A day off and a sleep in. It is, after all half-term.
I awoke up enough to receive a kiss from my beloved as he left for work, but not enough to remember what day it is. When I came too properly, not long afterwards, I found a tea-tray (the teapot in the owl tea-cosy and the tea perfect to drink) a red envelope and a little vase of red roses. How sweet. (I did wonder how much those roses cost, and how many air-miles they had done. Not in a churlish way you understand. just wondering)
I didn’t forget, really….I made him one, this year, using one of my photos mounted on card. In fact last night the dining room was a production line of card making.
On Saturday, late afternoon I went to town with a memory stick loaded up with the pictures I wanted to print off. The shop door was wide open. Bear in mind this was a day of minus temperatures. Minus 5c.
‘Shop management policy,’ I was told, ‘to keep the door open.’ It makes me want to cry.
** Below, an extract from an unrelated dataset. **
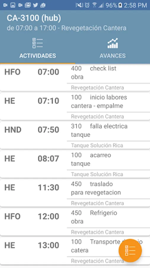 Work activities classifying records for uptime, time unavailable, standby or out of control.

However, it was for this reason and no other, I sat at the computer furthest from the door.
The staff member who came to see me was helpful. I wanted matte (now known as lustre, apparently) -
‘Just let us know at the end when you place your order,’ she said, ‘as there’s not an option on the screen.’ It turned out that the computer I had sat at was for the speedy service, but that I was too late for the speedy service. I hadn’t wanted the speedy service anyway….
I placed my order, re-iterating that I wanted matte. They’d be ready Monday at the not-so-speedy service price, thank goodness, which was half the original quoted price.
I worked yesterday, on the other side of the patch, but rushed over afterwards to collect the pictures, having decided I wanted to make my Valentine’s card. I arrived after 5pm. You’ve probably guessed it…. the photos were ready, but when I looked them over they had been done on glossy paper.
The man was very sorry. Luckily he believed me, as no-one had written anything on the order sheet to ask for ‘matte’ -or ‘lustre.”
‘We can re-do them for you.’
And re-do them he did. They were ready at 5:40 pm, after the shop would normally close. For this I was most grateful and impressed. And I had double the photos – the glossies and the lustre prints all for under a tenner.
I have only ever printed photos with a similar machine once before and they were a lot more expensive. I had forgotten the limitations of the set up. I had cropped my pictures quite tightly in my editing soft-wear at home, editing them exactly as I hoped they’d come out – but the screen in the shop had a different ratio of length to width, so on some of the pictures I lost the edges of shots… very important edges as the prints took off spiders legs and suchlike. I shall just have to try to remember this next time.
A few years back a very dear family friend died around Valentine’s Day and I wrote a poem. Just don’t tell Cyclo.
Winter Flowers
When it comes to Valentine’s Day
don’t buy roses.
Roses are for the long hot days of Summer.
Chalk white rime edges the trees
and crows call against wintry skies.
Snowdrops in the Churchyard
bend their heads to the coffin bearers
so hard to believe it is Pat’s body
in the box.
But even as the Church bells ring
and sadness pulls inside
I hear a black bird sing and feel
somehow that Winter is edging out.
When it comes to Valentine’s Day
don’t buy roses.
Roses are for the long hot days of Summer.